- While Bitcoin has seen local volatility, the coin is in a tight range on a medium-term basis.
- The coin has traded between $10,000 and $11,000 over the past few weeks.
- BTC now trades for $10,650 as of this article’s writing, smack dab in the middle of the range.
- A top analyst says that Bitcoin is primed to retest $11,000, then undergo a rejection in the coming weeks.
- This rejection could take BTC towards the CME futures gap around $9,500, the analyst predicts.
- This analyst is the same one that predicted in the middle of 2018 that Bitcoin would hit $3,200 at the bottom of the bear market.
Bitcoin Could Soon Move Towards $9,500
Bitcoin has consolidated in a $1,000 range between $10,000 and $11,000 over the past few days. This consolidation is expected to continue, according to a cryptocurrency analyst who predicted 2018’s bottom price to 1-2%.
The analyst shared the chart below on September 25th, noting that there’s a likelihood Bitcoin hits $11,000 by the end of September, then plunges to $9,500 by the middle of October.
He thinks that this would satisfy an Elliot Wave pattern playing out on BTC’s medium-term chart.

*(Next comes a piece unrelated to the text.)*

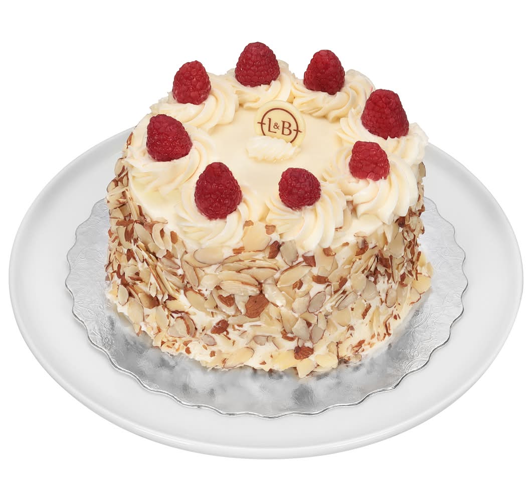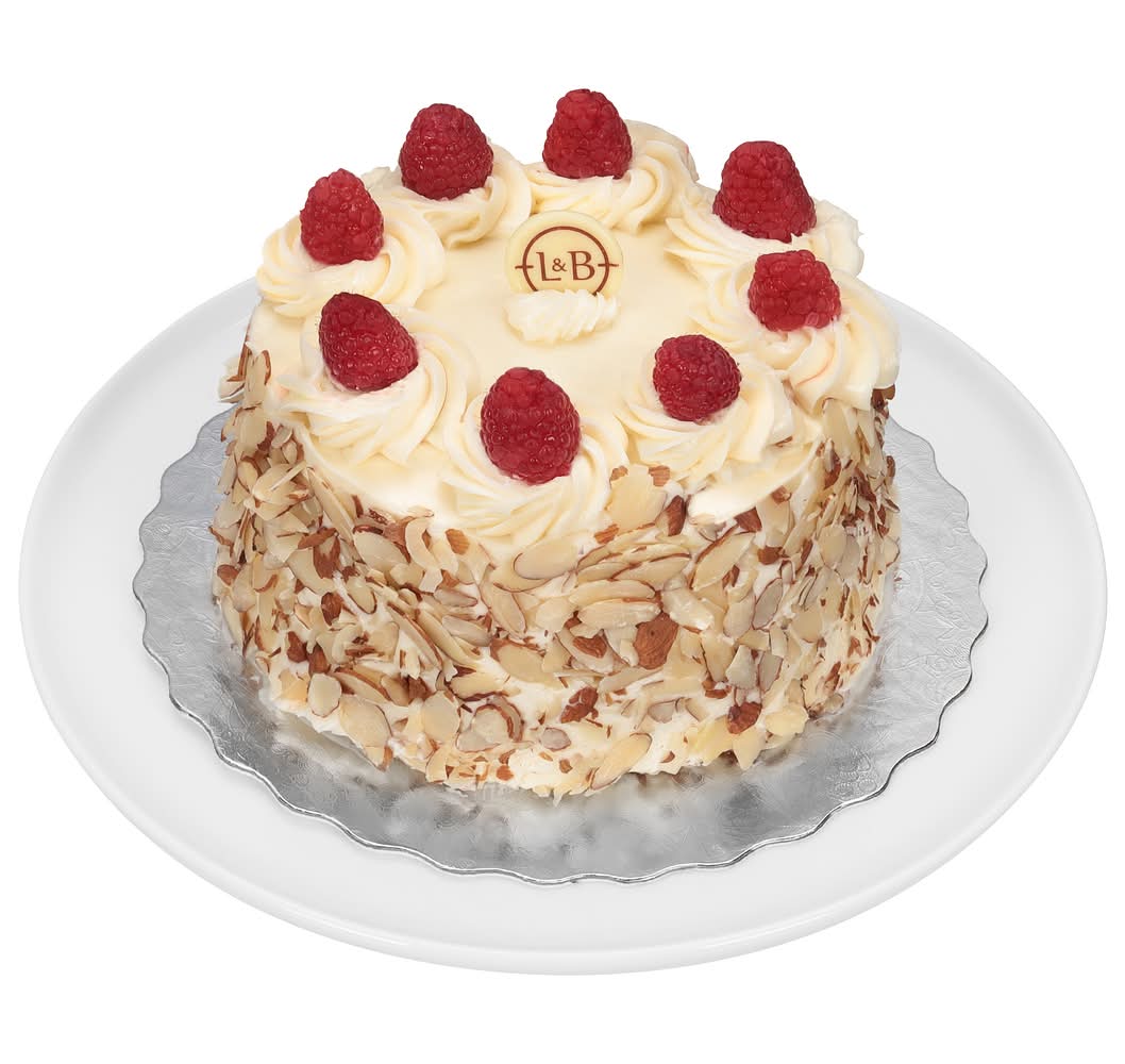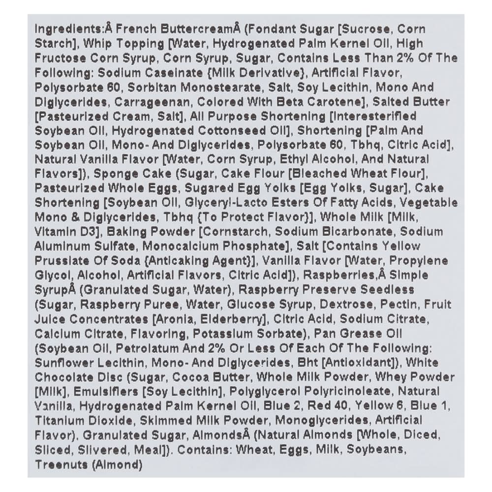 Ingredients: French Buttercream (Fondant Sugar [Sucrose Corn Starch] Whip Topping [Water Hydrogenated Palm Kernel Oil High Fructose Corn Syrup Corn Syrup Sugar Contains Less than 2% of the Following: Sodium Caseinate (Milk Derivative), Artificial Flavor, Polysorbate 60, Sorbitan Monostearate, Salt, Soy Lecithin, Mono and Diglycerides, Carrageenan, Colored with Beta Carotene], Salted Butter [Pasteurized Cream, Salt], All Purpose Shortening [Interesterified Soybean Oil, Hydrogenated Cottonseed Oil], Shortening [Palm and Soybean Oil, Mono- and Diglycerides, Polysorbate 60, TBHQ, Citric Acid], Natural Vanilla Flavor [Water, Corn Syrup, Ethyl Alcohol, and Natural Flavors]), Sponge Cake (Sugar Cake Flour [Bleached Wheat Flour] Pasteurized Whole Eggs Sugared Egg Yolks [Egg Yolks Sugar] Cake Shortening [Soybean Oil Glyceryl-Lacto Esters of Fatty Acids Vegetable Mono & Diglycerides TBHQ (to Protect Flavor)], Whole Milk [Milk, Vitamin D3], Baking Powder [Cornstarch, Sodium Bicarbonate, Sodium Aluminum Sulfate, Monocalcium Phosphate], Salt [Contains Yellow Prussiate of Soda (Anticaking Agent)], Vanilla Flavor [Water, Propylene Glycol, Alcohol, Artificial Flavors, Citric Acid]), Raspberries, Simple Syrup (Granulated Sugar Water), Raspberry Preserve Seedless (Sugar Raspberry Puree Water Glucose Syrup Dextrose Pectin Fruit Juice Concentrate [Aronia Elderberry] Citric Acid Sodium Citrate Calcium Citrate Flavoring Potassium Sorbate), Pan Grease Oil (Soybean Oil Petrolatum and 2% or Less of Each of the Following: Sunflower Lecithin Mon- and Diglycerides Bhq (Antioxidant)], White Chocolate Disc (Sugar Cocoa Butter Whole Milk Powder Whey Powder [Milk] Emulsifiers [Soy Lecithin] Polyglycerol Polyricinoleate Natural Vanilla Hydrogenated Palm Kernel Oil Blue 2 Red 40 Yellow 6 Blue 1 Titanium Dioxide Skimmed Milk Powder Monoglycerides Artificial Flavor), Granulated Sugar, Almonds (Natural Almonds [Whole Diced Sliced Silvered Meal]) Contains: Wheat, Eggs, Milk, Soybeans, Corn

“this is how im banking on btc price action to look over the next few days, the 5 wave decline from 11.2k signals that was the start of a move down and not the end of it. will be looking to short 10.9k and only longing if 11.2k is taken out again although i suspect it wont.”
Chart of BTC's price action over thet past few months with analysis by crypto trader SmartContracter (Twitter handle). Chart from TradingView.com
Legacy Market Rally Could Save BTC
A legacy market rally could save the cryptocurrency market, though.
With new hopes about the fiscal stimulus bill and an assertion by the Federal Reserve to maintain low interest rates, capital markets may continue their ascent, helping Bitcoin.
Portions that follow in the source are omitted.